Editor’s Note: Carbamazepine induces liver enzymes called CYP3A4 that increase the metabolism (breakdown) of carbamazepine and other drugs. Several drugs that inhibit 3A4 (such verapamil and erythromycin) prevent the breakdown of carbamazepine, causing blood levels of the drug to increase and produce side effects. If you are taking carbamazepine, tell your pharmacist so he or she can monitor any other drugs you are taking for potential interactions with carbamazepine.
Knowing about the rare skin and blood side effects of carbamazepine and some of the clinical predictors of a good response to the drug may be helpful in determining whether the potential benefits of carbamazepine outweigh the risks.
Not every treatment for mood disorders works for every patient, and for the 60% of depressed patients whose first treatment is ineffective, this wrong guess can translate into months of suffering, wasted money, lost productivity, and risk of suicide. An important trend in treatment research is the search for biomarkers, that is, biological indicators that can predict which patients might be likely (or unlikely) to respond to a particular treatment. A 2013 study by McGrath et al. in the journal JAMA Psychiatry suggests that brain glucose metabolism is one such biomarker.

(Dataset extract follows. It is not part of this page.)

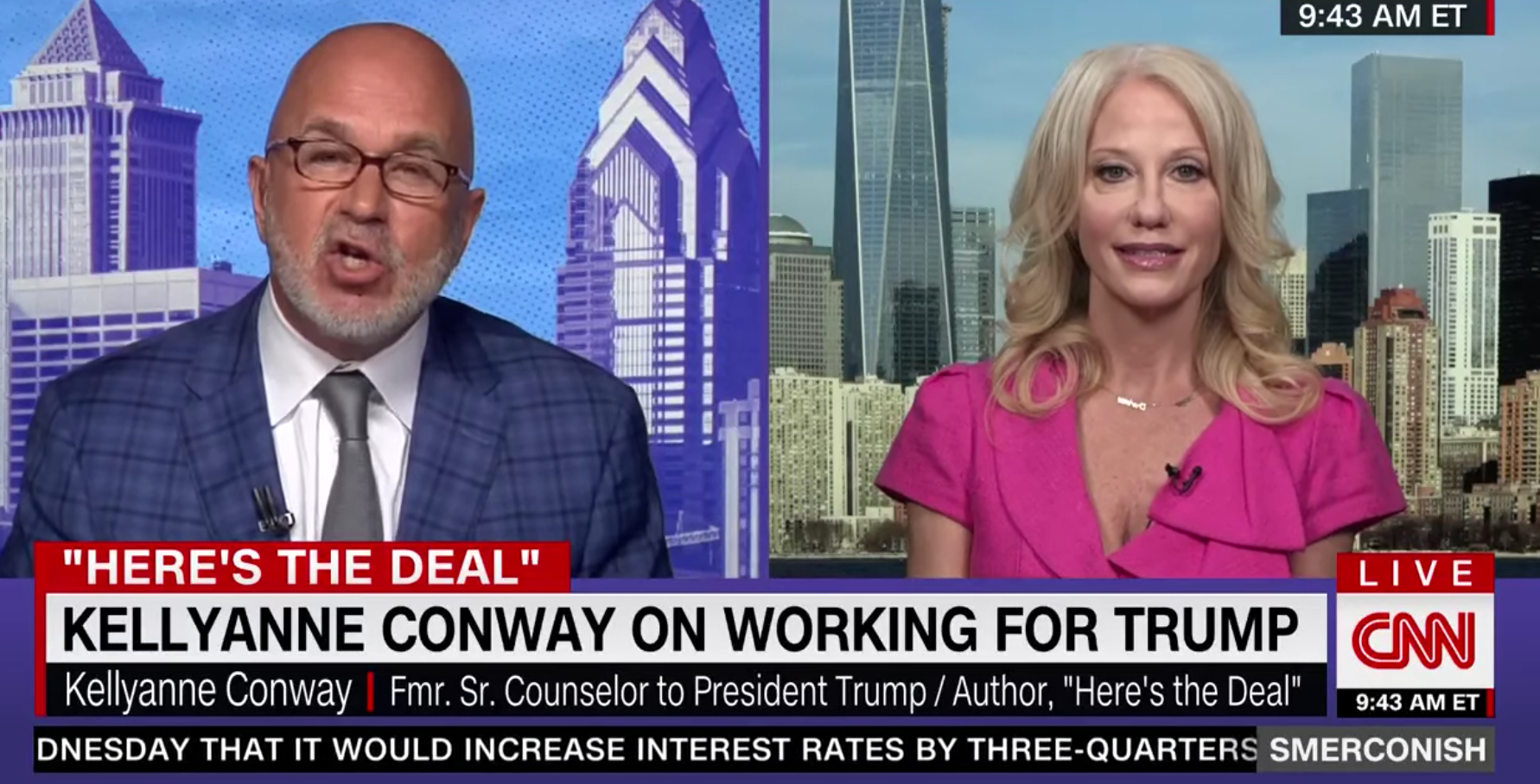 When Kellyanne Conway appeared on CNN with host Michael Smerconish, things quickly went awry when he asked her about the chapter in her book that speaks of her husband, George Conway. Instead of focusing on the question, Conway spiraled off into a rant about her husband's stance on former President Donald Trump.

Patients with untreated major depressive disorder had their brain glucose metabolism measured and then were randomized to receive 12 weeks of treatment either with the SSRI antidepressant escitalopram oxalate (trade name Lexapro) or with cognitive behavior therapy. Low glucose metabolism in a part of the brain called the anterior insula (compared to the rest of the brain) predicted that patients would reach remission on cognitive behavior therapy and respond poorly to escitalopram, while high metabolism in the same area predicted the opposite, that patients would reach remission while taking escitalopram and respond poorly to cognitive behavior therapy.
Researchers will want to test this finding with patients over the long term, but the data from this study suggest that anterior insula glucose metabolism may be a successful biomarker that can guide initial treatment selection for patients with depression.

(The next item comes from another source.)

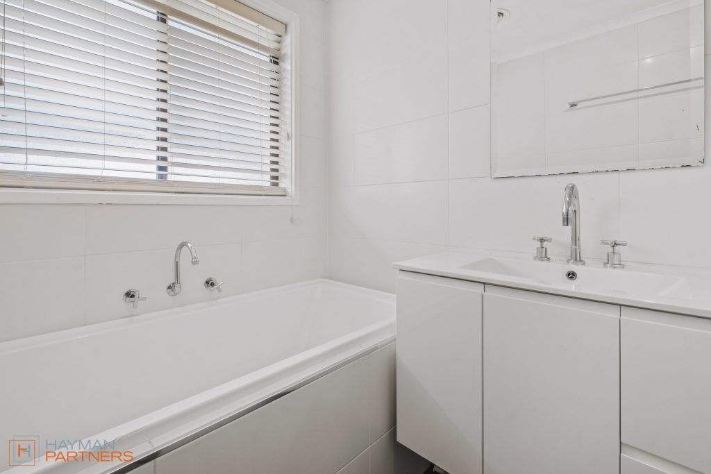 – Updated bathroom with floor-to-ceiling tiles and custom vanity

EMPowerPlus is a nutritional supplement marketed by the company Truehope as a way of correcting nutritional deficiencies that contribute to depression, anxiety, bipolar disorder, and attention-deficit hyperactivity disorder (ADHD). In 2014 Rucklidge et al. published the first controlled study of EMPowerPlus in the British Journal of Psychiatry showing that the supplement was more effective than placebo in adults with untreated ADHD.
EMPowerplus contains 36 ingredients, including 14 vitamins, 16 minerals, 3 amino acids, and 3 antioxidants. Patients were randomized to receive either 15 EMPowerPlus pills per day or 15 placebos per day for 8 weeks, and those patients receiving the supplement were rated as more improved by the end of the study. Effect sizes were moderately robust and side effects did not differ.
Editor’s Note: Multiple uncontrolled studies have suggested the efficacy of EMPowerPlus in childhood mania and related conditions, but this is the first formal placebo-controlled study of the supplement in adults with ADHD. A study in children with ADHD is planned, but it would also be important to study this micronutrient formulation in childhood bipolar disorder, where there is some anecdotal evidence (from Charles Popper at McLean Hospital in Boston and Mary Fristad at the Ohio State University) of excellent responses in children with highly treatment-resistant bipolar illness.